SUPPLIED INFORMATION
------------

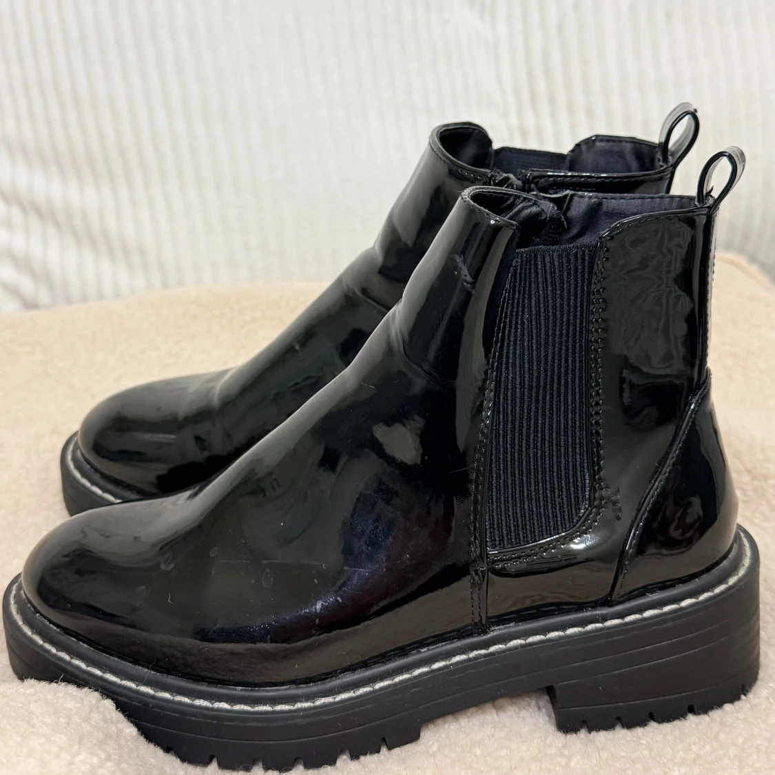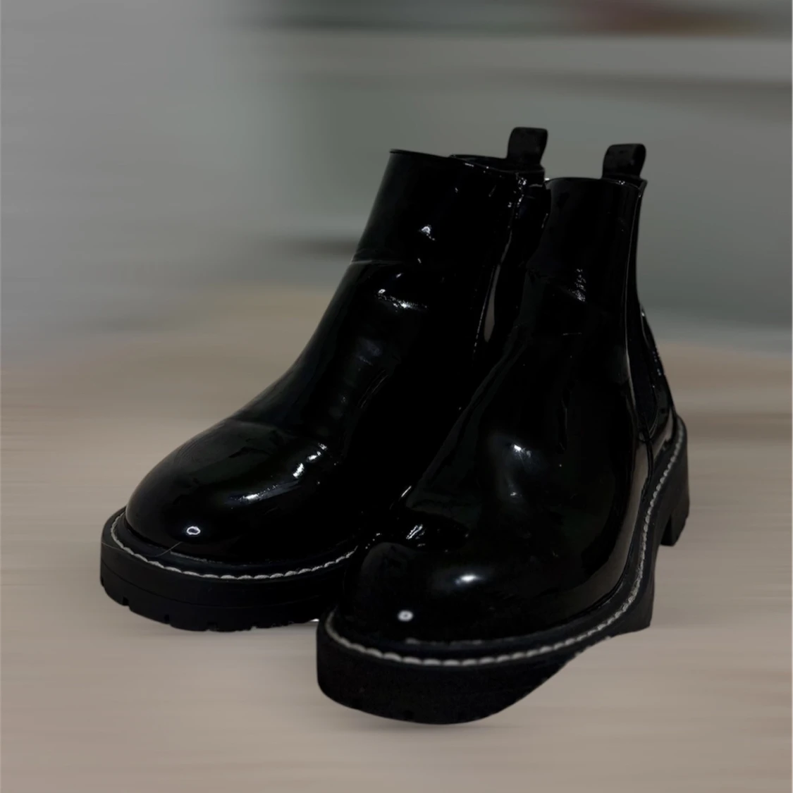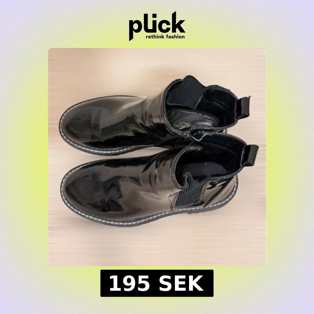 Säljer ett par svarta Ankel boots i glansigt lackmaterial med bred resår på sidorna och kraftig platt sula. Skorna har rund tå och dragflikar bak för enkel påtagning. Perfekta för dig som vill ha en edgy och stilren look.
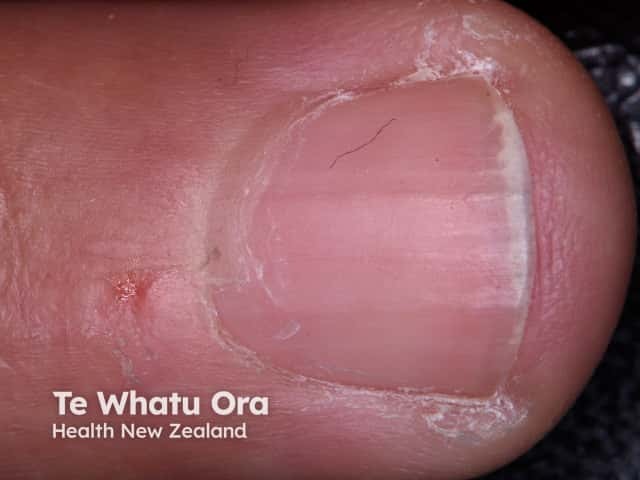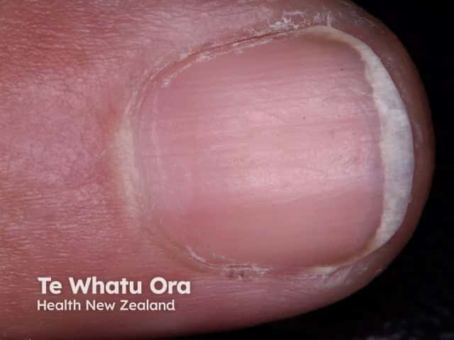 Nail lichen planus: onycholysis seen in 3rd and 5th fingernails
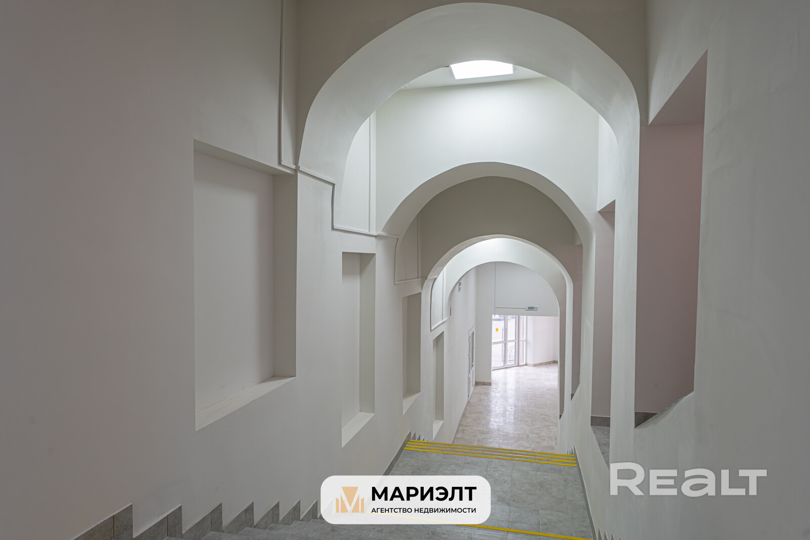 Помещение с ремонтом: белые стены, высокие потолки, естественное освещение.

------------

YOUR ASSIGNMENT
Copy out every line of the data exactly, leaving the images behind.

TASK SOLUTION
 Säljer ett par svarta Ankel boots i glansigt lackmaterial med bred resår på sidorna och kraftig platt sula. Skorna har rund tå och dragflikar bak för enkel påtagning. Perfekta för dig som vill ha en edgy och stilren look.
 Nail lichen planus: onycholysis seen in 3rd and 5th fingernails
 Помещение с ремонтом: белые стены, высокие потолки, естественное освещение.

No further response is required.